Explainable active learning framework for ligand binding affinity prediction

Abstract

Active learning (AL) prioritises which compounds to measure next for protein–ligand affinity when assay or simulation budgets are limited. We present an explainable AL framework built on Gaussian process regression and assess how molecular representations, covariance kernels, and acquisition policies affect enrichment across four drug-relevant targets. Using recall of the top active compound, we find that dataset identity which is a target's chemical landscape sets the performance ceiling and method choices modulate outcomes rather than overturn them.

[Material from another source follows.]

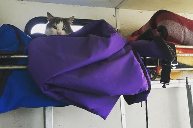 “Here in New Zealand a couple of months ago, I was driving six hours to an endurance competition when I stopped to fill up with fuel and check on my horse, only to find one of my cats in the back. My heart sank — I was very lucky she hasn’t jumped out the back. She had a quiet weekend locked in the trailer and the standing joke around the ride base was she should be my mascot and travel to all the competitions with us. She didn’t learn anything as was straight back in again when unpacking.”
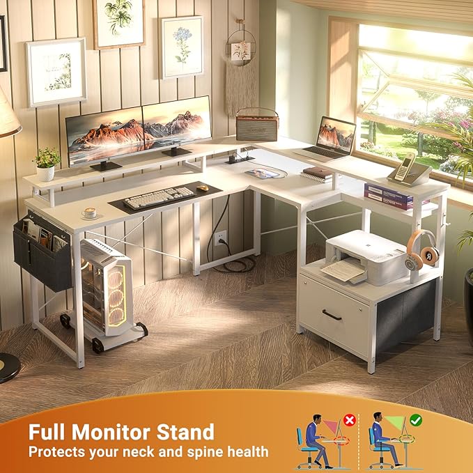 Unikito L Shaped Desk with File Drawer, Reversible L Shaped Computer Desk with Power Outlet & LED Lights, Home Office Desk Corner Desk with Monitor Shelf and Printer Cabinet, Gaming Desk, White

Fingerprints with simple Gaussian process kernels provide robust, low-variance enrichment, whereas learned embeddings with non-linear kernels can reach higher peaks but with greater variability. Uncertainty-guided acquisition consistently outperforms random selection, yet no single policy is universally optimal; the best choice follows structure–activity relationship (SAR) complexity. To enhance interpretability beyond black-box selection, we integrate SHapley Additive exPlanations (SHAP) to link high-impact fingerprint bits to chemically meaningful fragments across AL cycles, illustrating how the model's attention progressively concentrates on SAR-relevant motifs. We additionally provide an interactive active learning analysis platform featuring SHAP traces to support reproducibility and target-specific decision-making.